Extract text from the Microsoft Word and RTF documents, remove empty lines and save text files in UTF-8 encoding:
blb2txt -f "d:\Docs\*.doc" -f "d:\Docs\*.rtf" -v "d:\Text\" -e "utf8" --replace-empty-lines
Extract text from all files in the specified folder, unite and save as "Document.txt":
blb2txt -f "d:\Docs\*.*" -v "d:\Text\" -p "Document" -u
Extract text from 1.DOC, divide on parts with size 100 KB and save as text files "Document 20.txt", "Document 21.txt", etc.:
blb2txt -f "d:\Docs\1.doc" -v "d:\Text\" -p "Document" -a -n 20 -t 100
Extract text from BOOK.FB2, find the words "CHAPTER" and "CONTENTS" to divide text on parts and save as files with the names "Book 1.txt", "Book 2.txt", etc.:
blb2txt -f "d:\Book\book.fb2" -v "d:\Text\" -p "Book" -k "CHAPTER" -k "CONTENTS"
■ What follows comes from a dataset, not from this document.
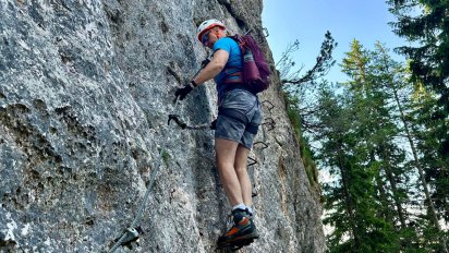 Stefan und ich wollen es allerdings wissen! Nach ausgiebiger Trinkpause nehmen wir die Leiter in Angriff, die in etwa 30 Metern sehr steil in die Wand führt. Als schwächerer von uns beiden gehe ich als erster. Ich muss mich voll auf die Aufgabe konzentrieren und versuche, nicht allzu oft nach unten zu blicken. Der Klettersteig hat den Schwierigkeitsgrad von C, was man gefühlt an jeder Stelle merkt. Er verlangt mir alles ab und zwingt mich, mit meinen Kräften hauszuhalten. Eine Stunde lang klettern wir auf einer Länge von 350 Metern in der Wand zuerst zickzack hinauf und anschließend quer über drei Seilbrücken.

Extract text from BOOK.EPUB, find "###" to divide text on parts, remove "###" from text and save each part as a new file:
blb2txt -f "d:\Book\book.epub" -v "d:\Text\" -p "Book" -r "###"
Get text from STDIN, remove excess spaces, linebreaks and empty lines, write the updated text to STDOUT:
blb2txt -i -o --remove-spaces --remove-linebreaks --replace-empty-lines
The command line options can be stored as a configuration file "blb2txt.cfg" in the same folder as the utility.
The sample configuration file:
The utility may combine options from the configuration file and the command line.
You are free to use and distribute software for noncommercial purposes. For commercial use or distribution, you need to get permission from the copyright holder.